=== YOUR ASSIGNMENT ===
Copy the data that follows exactly, and include none of its images.

=== COLLECTED DATA ===
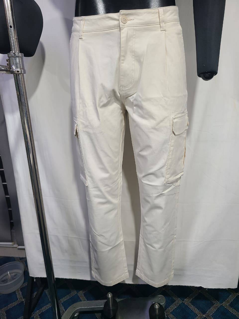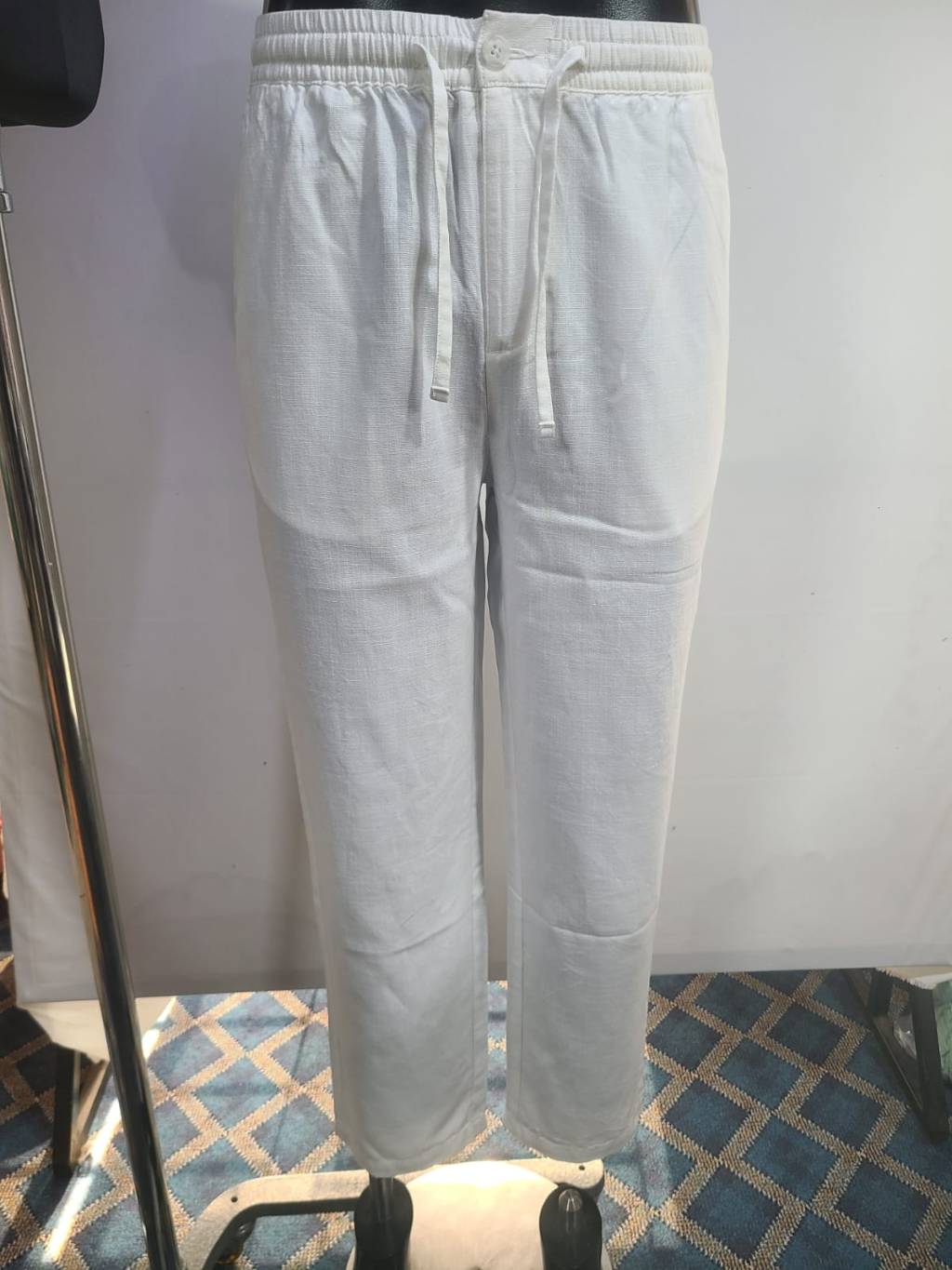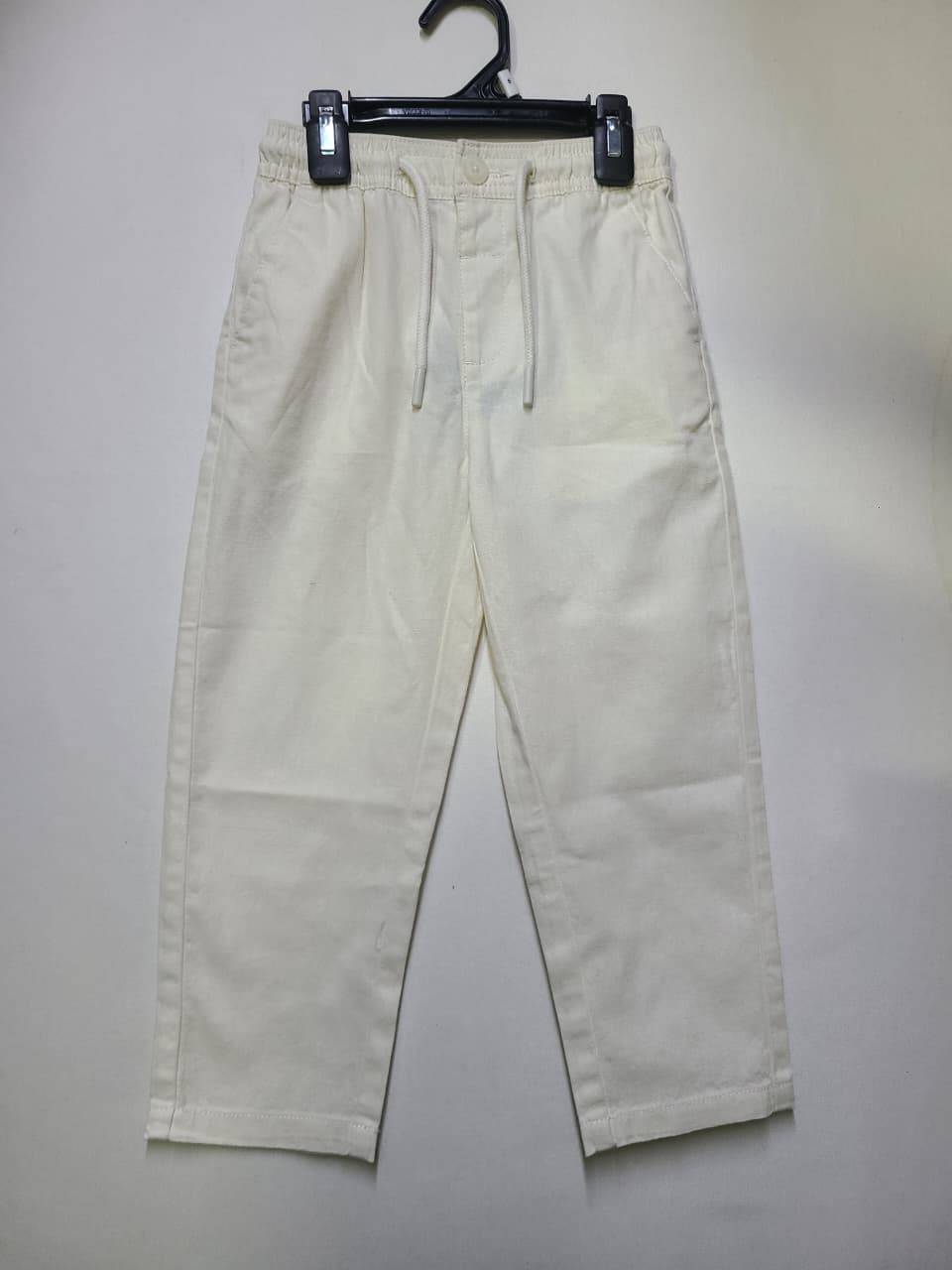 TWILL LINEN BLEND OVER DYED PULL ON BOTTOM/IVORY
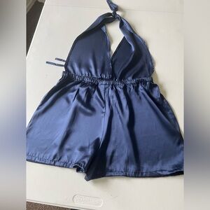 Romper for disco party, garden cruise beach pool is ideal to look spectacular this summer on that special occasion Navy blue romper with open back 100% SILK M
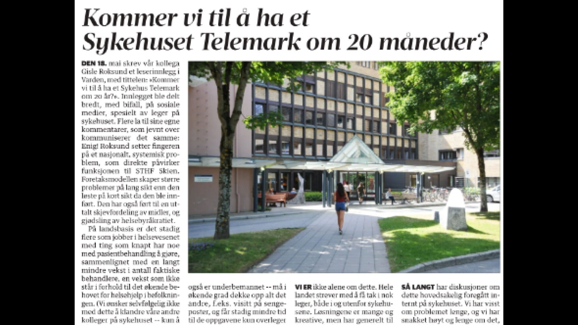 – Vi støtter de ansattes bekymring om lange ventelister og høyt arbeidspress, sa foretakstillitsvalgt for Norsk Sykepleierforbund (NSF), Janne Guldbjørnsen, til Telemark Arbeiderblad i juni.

=== OUTPUT OF THE EXERCISE ===
 TWILL LINEN BLEND OVER DYED PULL ON BOTTOM/IVORY
 Romper for disco party, garden cruise beach pool is ideal to look spectacular this summer on that special occasion Navy blue romper with open back 100% SILK M
 – Vi støtter de ansattes bekymring om lange ventelister og høyt arbeidspress, sa foretakstillitsvalgt for Norsk Sykepleierforbund (NSF), Janne Guldbjørnsen, til Telemark Arbeiderblad i juni.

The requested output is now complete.